* **TRY IT**
Quote all entries exactly, leaving pictures aside.

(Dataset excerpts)
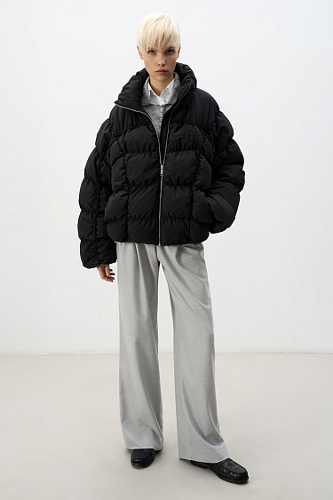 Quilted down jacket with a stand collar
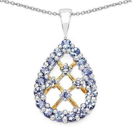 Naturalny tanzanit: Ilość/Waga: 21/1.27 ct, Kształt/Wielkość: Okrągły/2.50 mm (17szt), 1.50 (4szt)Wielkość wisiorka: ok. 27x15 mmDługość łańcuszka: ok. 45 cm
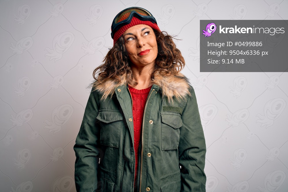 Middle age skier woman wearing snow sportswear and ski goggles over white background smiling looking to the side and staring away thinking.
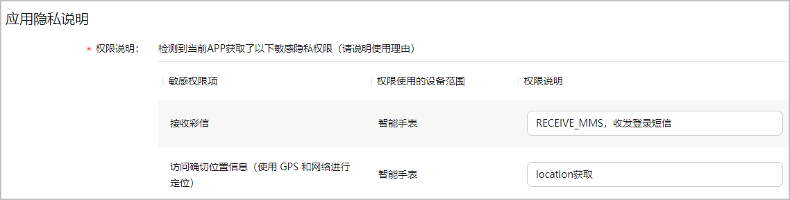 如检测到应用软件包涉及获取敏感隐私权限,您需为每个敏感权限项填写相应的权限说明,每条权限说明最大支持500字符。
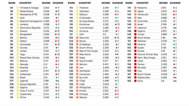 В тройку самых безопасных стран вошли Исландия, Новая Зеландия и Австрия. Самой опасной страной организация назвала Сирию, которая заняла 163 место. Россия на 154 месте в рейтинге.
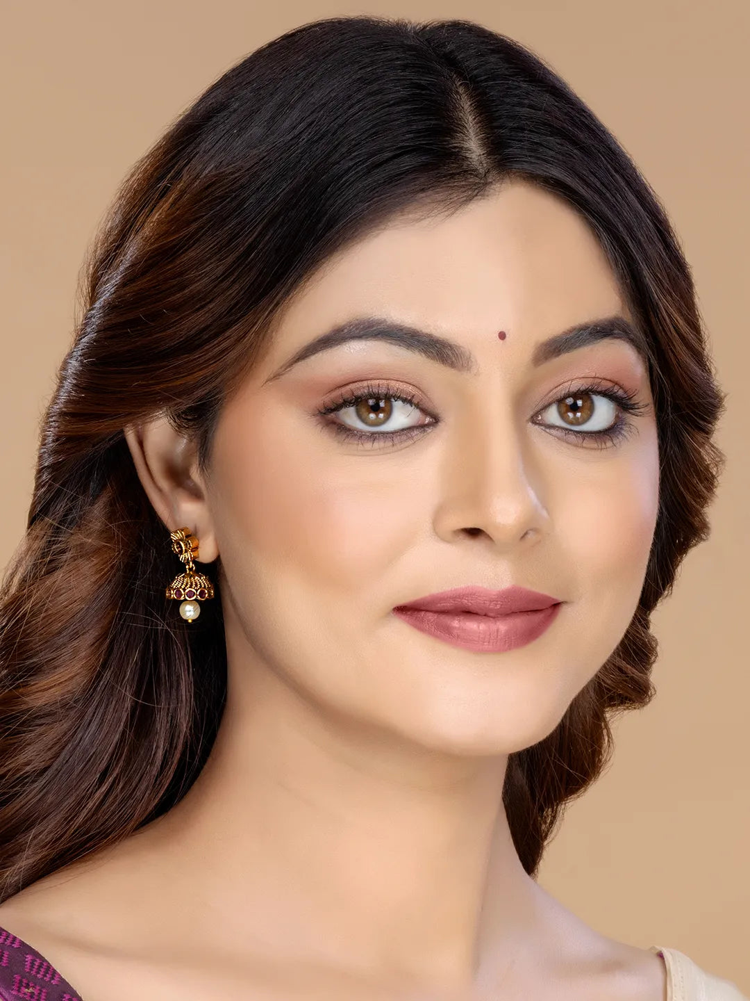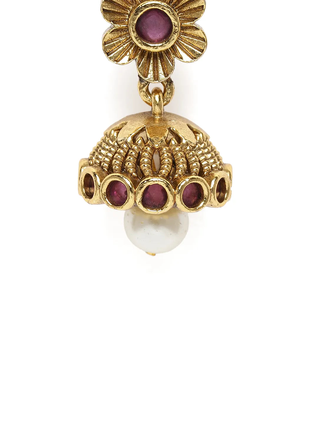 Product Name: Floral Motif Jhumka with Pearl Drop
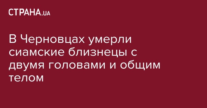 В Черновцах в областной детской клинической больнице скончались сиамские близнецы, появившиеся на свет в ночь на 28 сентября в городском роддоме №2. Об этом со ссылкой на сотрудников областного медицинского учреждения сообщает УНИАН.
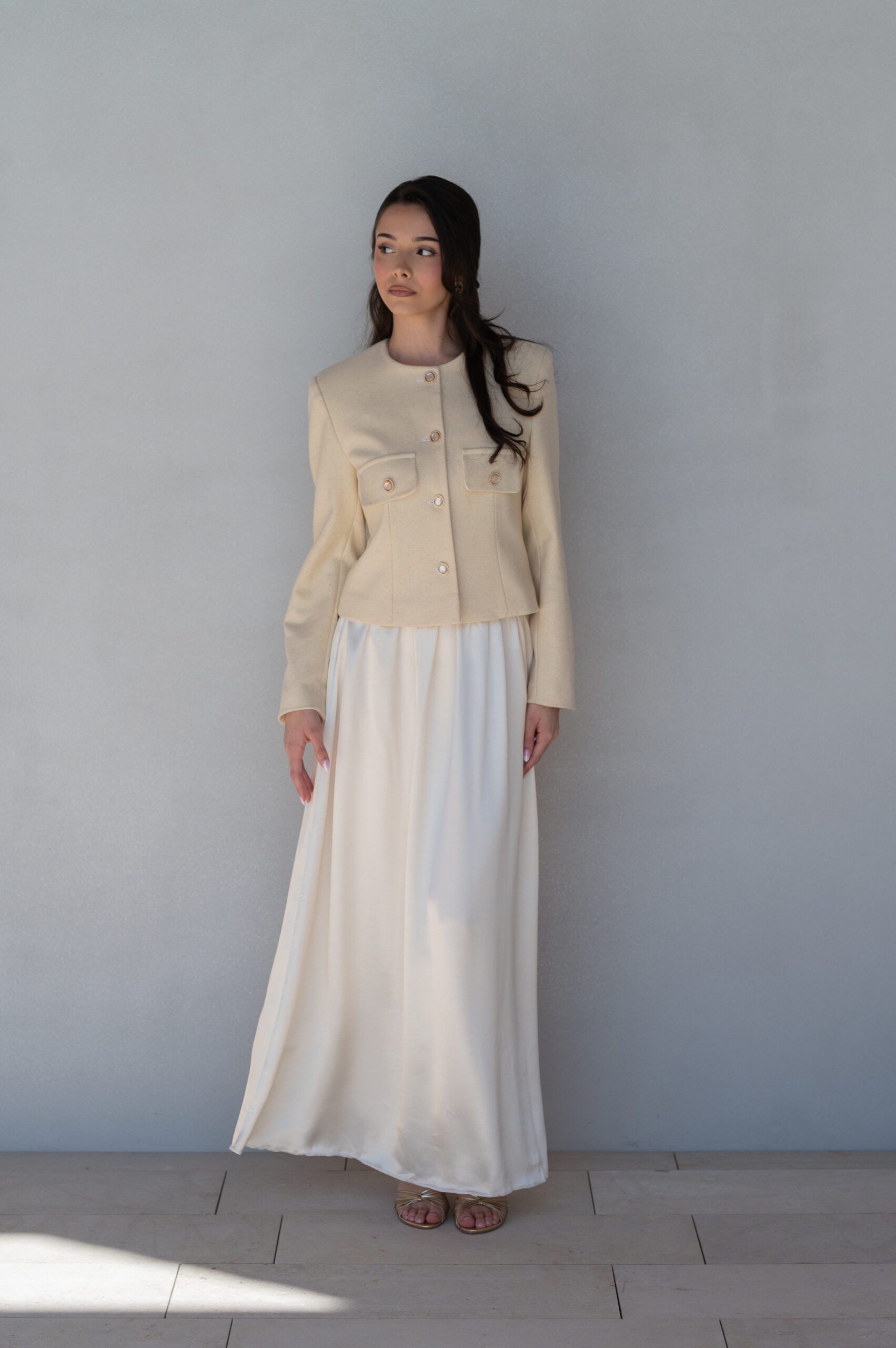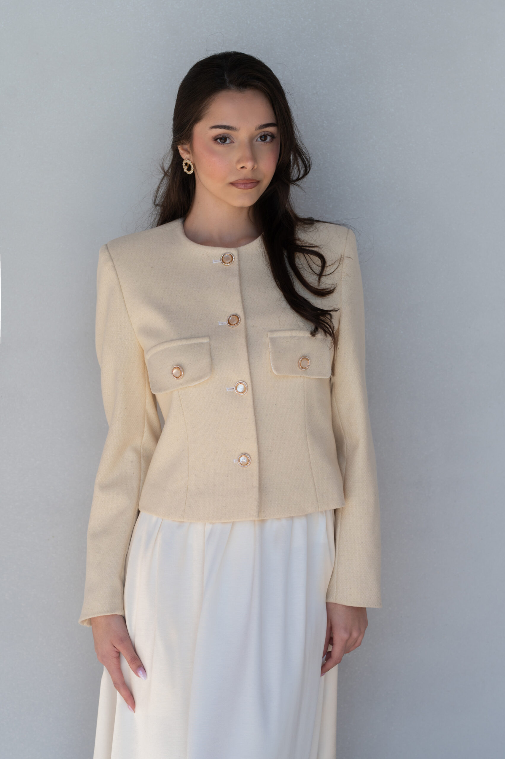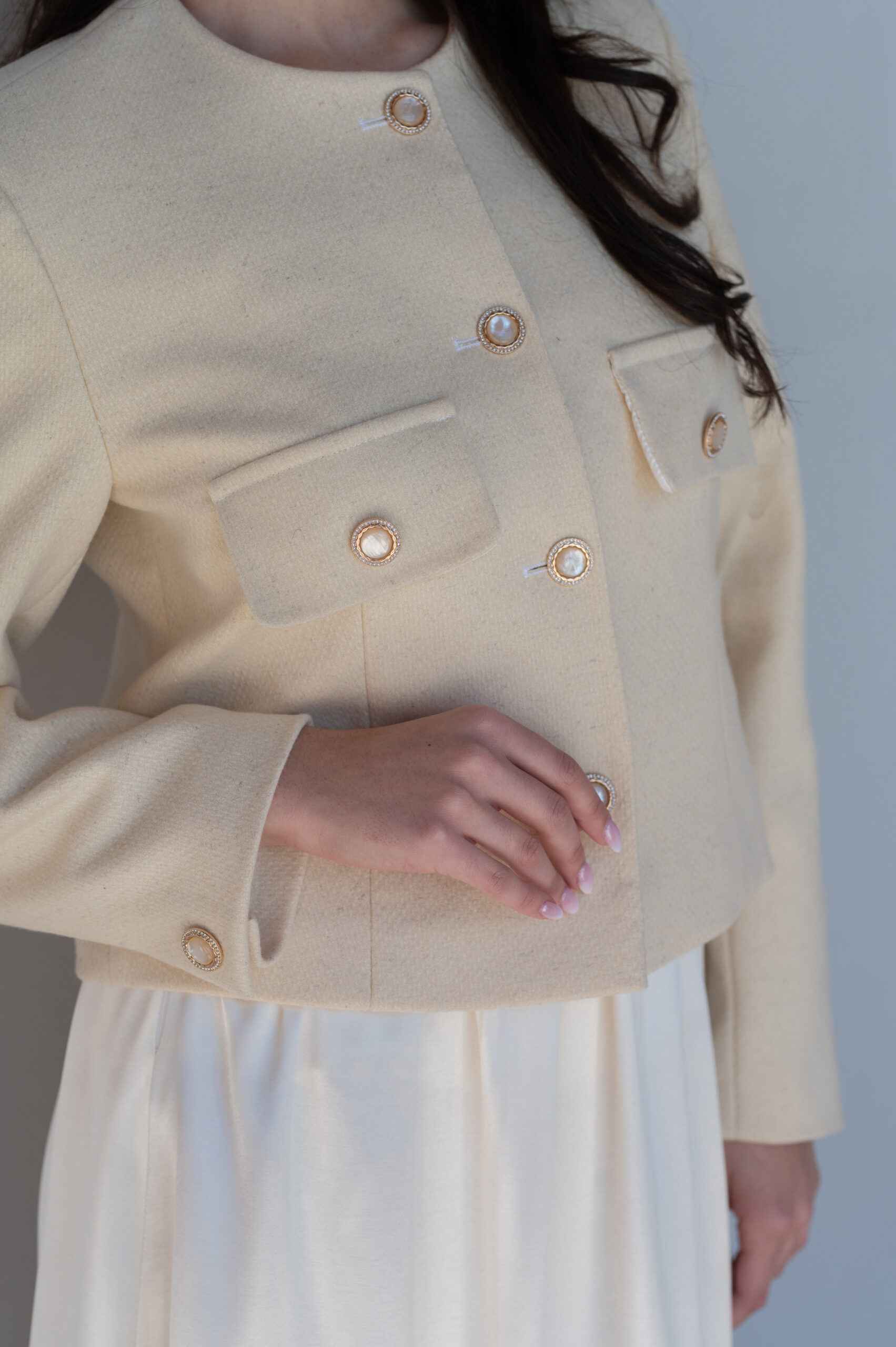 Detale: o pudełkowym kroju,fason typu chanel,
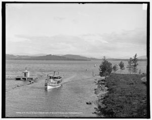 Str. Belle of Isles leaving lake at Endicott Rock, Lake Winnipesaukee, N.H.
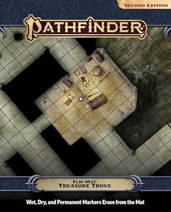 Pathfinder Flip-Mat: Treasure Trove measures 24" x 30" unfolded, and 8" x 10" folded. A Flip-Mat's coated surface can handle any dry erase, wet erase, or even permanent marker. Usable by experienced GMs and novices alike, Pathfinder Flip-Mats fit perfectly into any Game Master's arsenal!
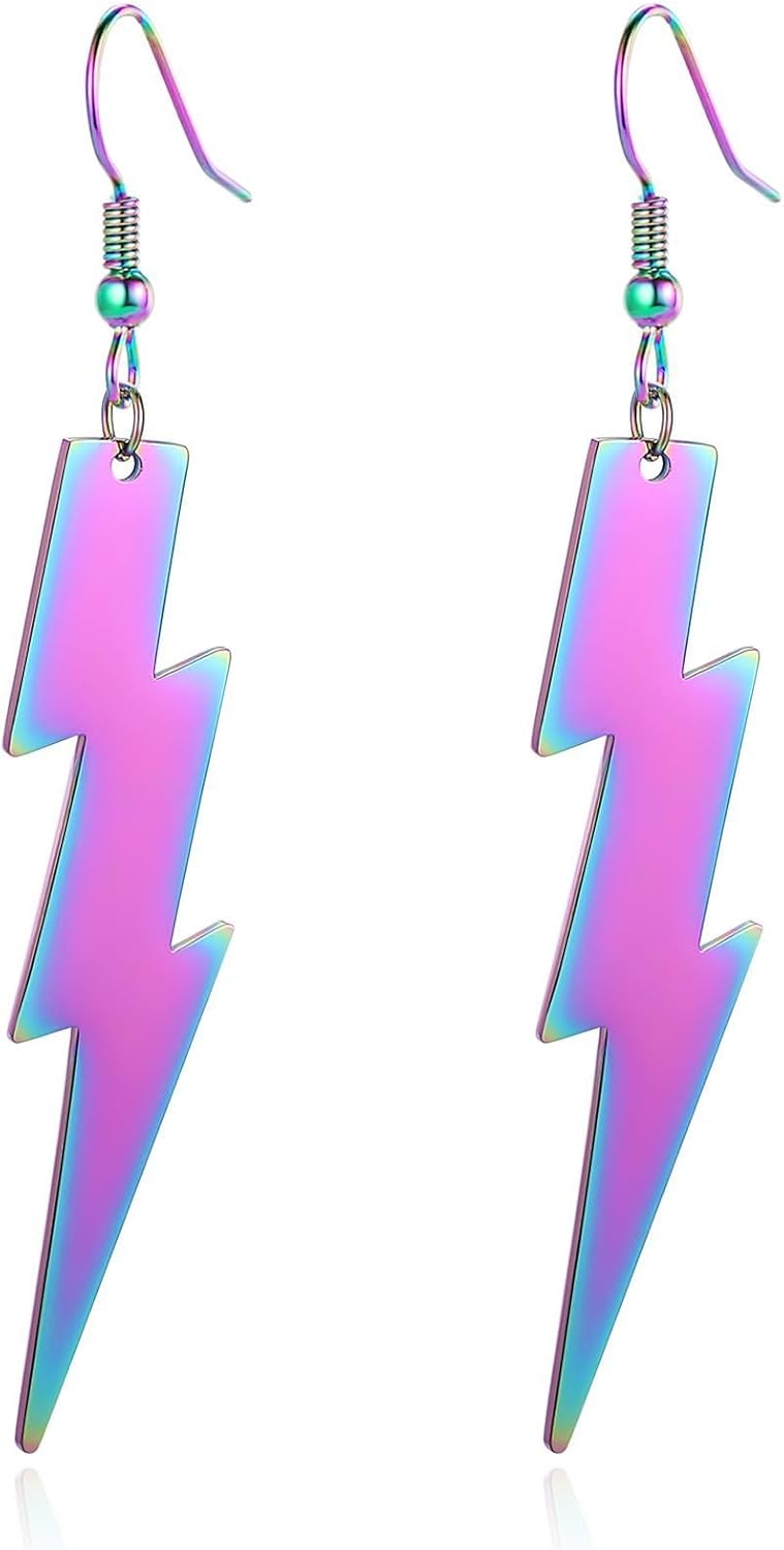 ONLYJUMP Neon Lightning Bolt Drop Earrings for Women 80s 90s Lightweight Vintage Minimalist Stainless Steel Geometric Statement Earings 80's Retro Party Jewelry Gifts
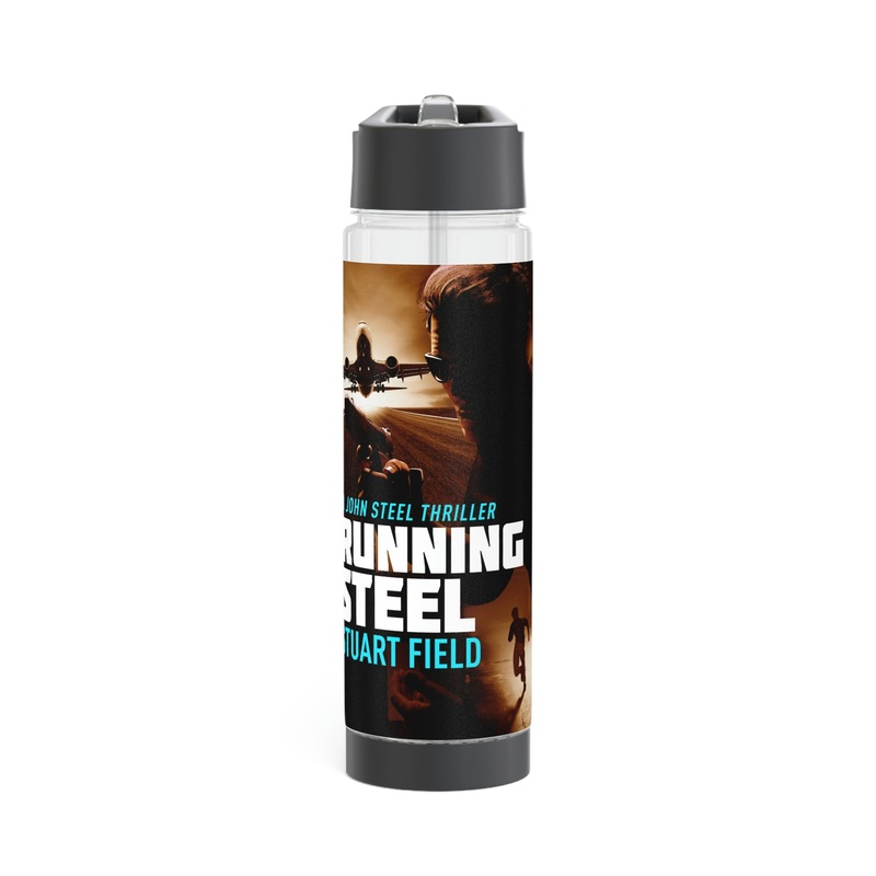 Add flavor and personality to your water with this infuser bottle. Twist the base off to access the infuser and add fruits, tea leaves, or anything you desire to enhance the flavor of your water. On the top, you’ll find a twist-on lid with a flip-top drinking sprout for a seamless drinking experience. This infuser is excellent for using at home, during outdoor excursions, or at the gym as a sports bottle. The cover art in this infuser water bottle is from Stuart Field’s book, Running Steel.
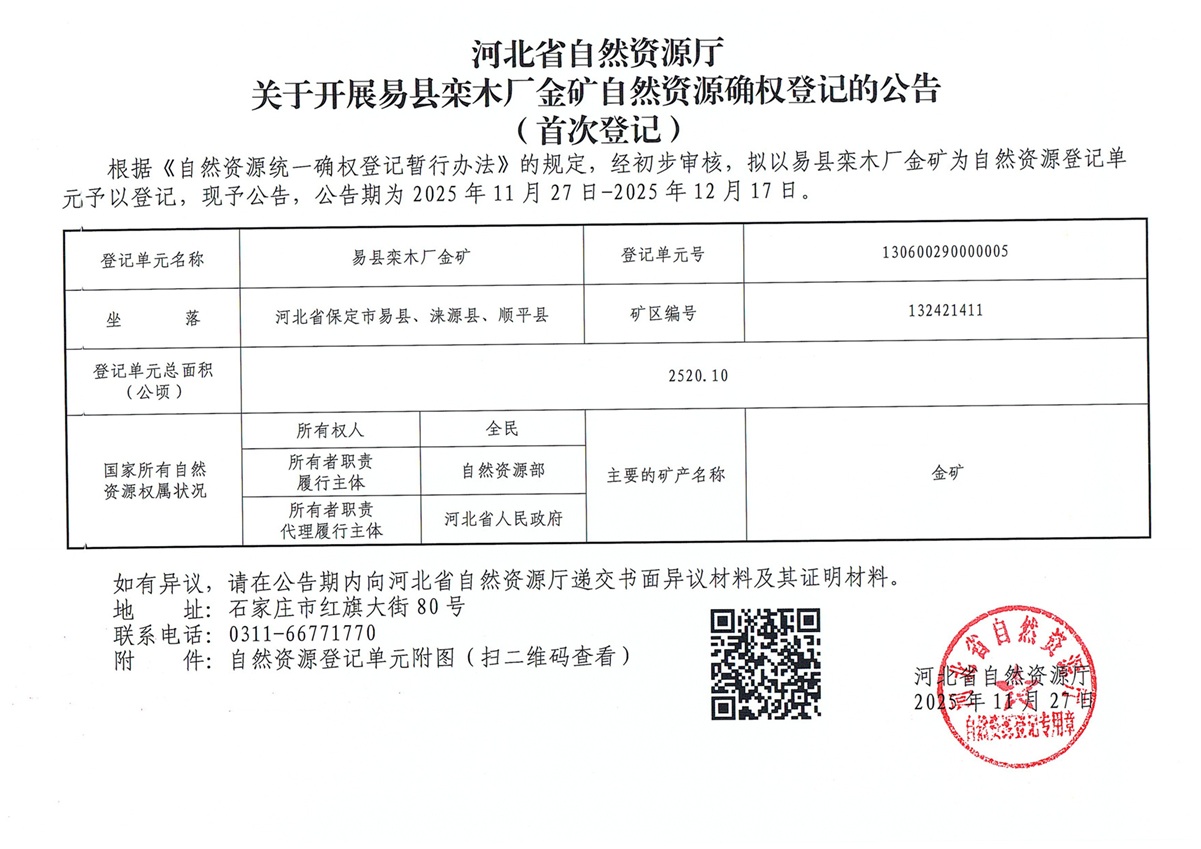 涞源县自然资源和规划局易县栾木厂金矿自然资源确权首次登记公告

* **EXERCISE RESPONSE**
 Quilted down jacket with a stand collar
 Naturalny tanzanit: Ilość/Waga: 21/1.27 ct, Kształt/Wielkość: Okrągły/2.50 mm (17szt), 1.50 (4szt)Wielkość wisiorka: ok. 27x15 mmDługość łańcuszka: ok. 45 cm
 Middle age skier woman wearing snow sportswear and ski goggles over white background smiling looking to the side and staring away thinking.
 如检测到应用软件包涉及获取敏感隐私权限,您需为每个敏感权限项填写相应的权限说明,每条权限说明最大支持500字符。
 В тройку самых безопасных стран вошли Исландия, Новая Зеландия и Австрия. Самой опасной страной организация назвала Сирию, которая заняла 163 место. Россия на 154 месте в рейтинге.
 Product Name: Floral Motif Jhumka with Pearl Drop
 В Черновцах в областной детской клинической больнице скончались сиамские близнецы, появившиеся на свет в ночь на 28 сентября в городском роддоме №2. Об этом со ссылкой на сотрудников областного медицинского учреждения сообщает УНИАН.
 Detale: o pudełkowym kroju,fason typu chanel,
 Str. Belle of Isles leaving lake at Endicott Rock, Lake Winnipesaukee, N.H.
 Pathfinder Flip-Mat: Treasure Trove measures 24" x 30" unfolded, and 8" x 10" folded. A Flip-Mat's coated surface can handle any dry erase, wet erase, or even permanent marker. Usable by experienced GMs and novices alike, Pathfinder Flip-Mats fit perfectly into any Game Master's arsenal!
 ONLYJUMP Neon Lightning Bolt Drop Earrings for Women 80s 90s Lightweight Vintage Minimalist Stainless Steel Geometric Statement Earings 80's Retro Party Jewelry Gifts
 Add flavor and personality to your water with this infuser bottle. Twist the base off to access the infuser and add fruits, tea leaves, or anything you desire to enhance the flavor of your water. On the top, you’ll find a twist-on lid with a flip-top drinking sprout for a seamless drinking experience. This infuser is excellent for using at home, during outdoor excursions, or at the gym as a sports bottle. The cover art in this infuser water bottle is from Stuart Field’s book, Running Steel.
 涞源县自然资源和规划局易县栾木厂金矿自然资源确权首次登记公告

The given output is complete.